Her parents, Brett and Gretchen Taylor, are still active philanthropists at ages 88 and 86. Brett took part this year in the Dancing with the Mankato Stars fundraiser with her brother and her daughter. Gretchen is still on the board of the YWCA and, in fact, was the first board president of the Mankato Area Foundation in the 1970s.
“That’s one of the reasons why when the Executive Director’s position was advertised, I jumped at it. Given our family’s ties to both the community and the Foundation, I thought it would be fun to fulfill that role and do something really impactful with it.”
And indeed she has made an impact since taking over the helm at MAF in 2009. In this interview, Zallek talks about how the volunteer board orchestrated the incredible growth of MAF and what’s next for the organization that is widening its footprint each year.
So what happened in the last five years to spur the incredible growth MAF has experienced?
In the late 2000s the board started putting together the pieces to facilitate growth. Hiring an executive director gave the Foundation someone dedicated to working with the Board to create the necessary infrastructure while spending the time to facilitate local philanthropy in this community – matching donors with projects and programs critical to this area. We also increased the size and scope of our Board of Directors. We did that very purposefully by identifying who needed to be on the board in terms of what skills and talents were necessary to enable our growth. In addition to our board, we recruited a number of community members who champion the role of a community foundation, to serve on a variety of our committees. I am incredibly grateful for the support I receive from our volunteers and I feel very fortunate that in 2007 our board raised the funds to hire the first executive director. They knew the Foundation could be more impactful in the community if we could dedicate staff to help move it forward, and I believe we’ve proven that was a good decision!
Mankato Area Foundation was formed in 1974. So why did they feel the time was right to finally take that step?
For decades the board operated the foundation following a “community chest” model. What that means is they would identify a project, and then raise money for that specific project. Then they would identify the next project, and raise money for it. Some examples of projects funded at that time were the fountain in the library, the Red Jacket Trail and Williams Nature Center. So the Foundation was giving away hundreds of thousands dollars – to support some amazing initiatives, but consequently never accumulated assets. It wasn’t until the ‘90s when O.P. Confer, who had been one of the first board members, passed away and left an endowed fund to the Foundation, that the board decided to change their approach. An endowed fund is invested and granting is provided from the income from that fund. That, actually, is more typical of how community foundations generally function. So really the board started working toward that model in the ‘90’s–hoping to create a philanthropic vehicle that would support our community for decades to come. But in order to sustain their granting and commitment to philanthropy, they needed to keep growing. Consequently, it was important to grow our donor base as well. If you are responsible for individuals who want to leave a legacy to this community you need to be a trusted resource. So we needed to have all our infrastructure in place–including the right staff and volunteers, as well as the appropriate policies and procedures to perform our role as the local advocate for philanthropy. We wanted to do our job in a superior manner so that individuals would want to partner with us to facilitate their philanthropic efforts.

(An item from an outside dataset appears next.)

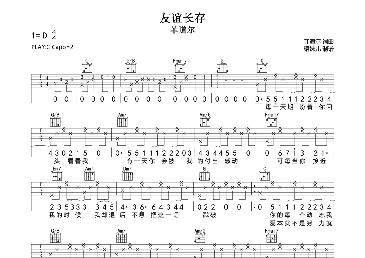 《友谊长存》是菲道尔演唱的一首歌曲,拍号为4/4拍,歌曲原调为D调,但由于原调指法比较难,为了方便弹奏,本吉他谱采用的是C调指法编配,变调夹2品弹奏即为原调,当然也可以根据自己的音域改变变调夹位置,或者通过改变和弦调性,以方便自己弹奏,这份吉他谱共有两张高清图谱,图谱由 @珺妹儿 编配上传,图谱使用六线谱编配,包含吉他和弦指法、简谱以及歌词部分,使用这份友谊长存吉他谱,可以让你更加方便地掌握这首歌曲的弹唱技巧,快来尝试吧。

As you are a resource, it looks like you can provide several different types of funding.
We can do any number of things. That’s what I love about a community foundation because everyone’s philanthropy is different and we accommodate all their different styles of giving. People give for different reasons as well. In addition to wanting to be philanthropic, there is often a tax benefit that drives their desire to work with the Foundation. For instance, the most popular philanthropic vehicle is a donor-advised fund. A donor-advised fund allows individuals, families or corporations to play an active role in their philanthropy. Their fund can be established and built up over a number of years or a life-event may be the impetus for creating a fund and then granting from it over time. The advantage is that a donor-advised fund allows our donors to be very thoughtful about the process while determining how they want to leave their legacy. It is during that process that the Foundation can be a resource for our donors. We like to get to know their passions and match those to the right nonprofit and the right projects and programs in the area. Also, some donors choose to give it all away during their lifetime and others choose to grant from the income allowing their fund to impact the community into perpetuity. It’s important that we spend the time getting to know our donors and how they want to personalize their giving. Donor-advised funds also give us the opportunity to work with more than one generation. When we’re working with a fund that has long-term goals, we often get to work with the children (and hopefully someday) the grandchildren of the original donors. It is a wonderful way for donors to teach the next generation about philanthropy. It’s also very rewarding to watch the intent of those original benefactors be carried out by their heirs. I love hearing ‘mom and dad would have loved this project!’
Would you say that’s your biggest role, helping those donors find the right way and place for their funds?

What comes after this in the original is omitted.